I can’t say that your parents raised you badly, or that you’re an un-redeemable, spoiled youth. I don’t know your story. And you didn’t know ours.

But now that you do, I hope that it will stick with you. I hope that it will remind you that everyone has a story. And that speaking life and encouragement into others is what makes you a man. Not degrading others to puff up your ego, especially younger kids who look up to you.

My son Case, who suffers from Hunter Syndrome and cognitive challenges as a result, just wants to be alive when he grows up. More more information, visit ProjectAlive.org.
My son Case, who suffers from Hunter Syndrome and cognitive challenges as a result, just wants to be alive when he grows up. More more information, visit ProjectAlive.org.

And if you think of using the R word again, I want you to picture this child, and realize that you’re saying:

“Case - You are stupid. And I’m laughing at you.”

I doubt that’s the man you want to be.
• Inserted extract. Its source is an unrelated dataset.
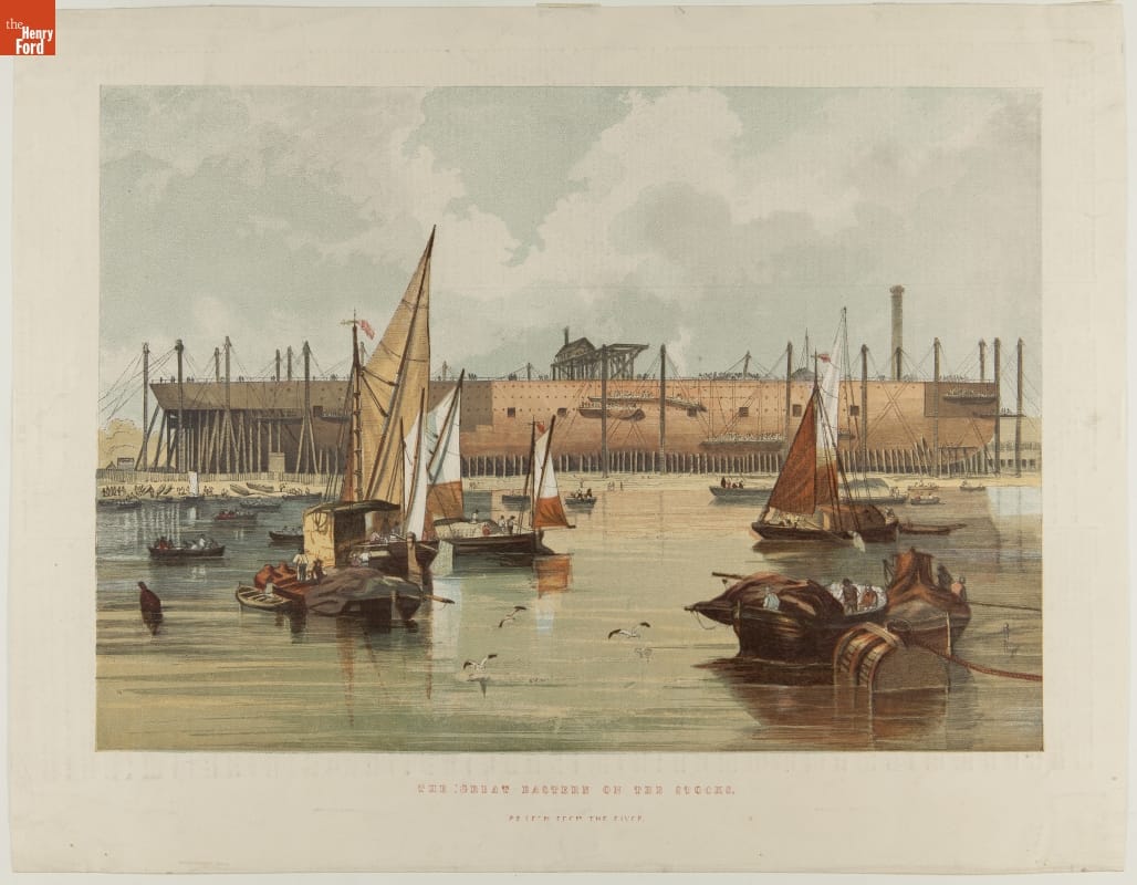 Chromolithograph, "The Great Eastern on the Stocks as Seen From the River," 1857

I doubt that’s the man your mother and father want you to be. I doubt that’s the athlete your coach wants you to be. I doubt that’s the alumnus your school wants you to be.

But we all make mistakes. I forgive you. My son forgives you. His brother forgives you.

If you’d like to better understand what it’s truly like to live with, or alongside, cognitive differences, our door is always open.

Sincerely,

A Mom

―――――――――

How do you make sure that your child won’t be the subject of a letter like this? Later this week, I’ll follow up with the post: “A-E-I-O-U: 5 Steps to Raising an Inclusive Child.”

This post originally appeared on MelissaHogan.me, where Melissa blogs about the light and the dark of her journey as a parent to a child with a rare disease. Follow Melissa on Twitter @melissajhogan.

*I use the full word here only in context of what was actually spoken. I want readers to feel it and wince. We sure did.

**His name has been changed, not to protect the innocent, but to offer grace and forgiveness.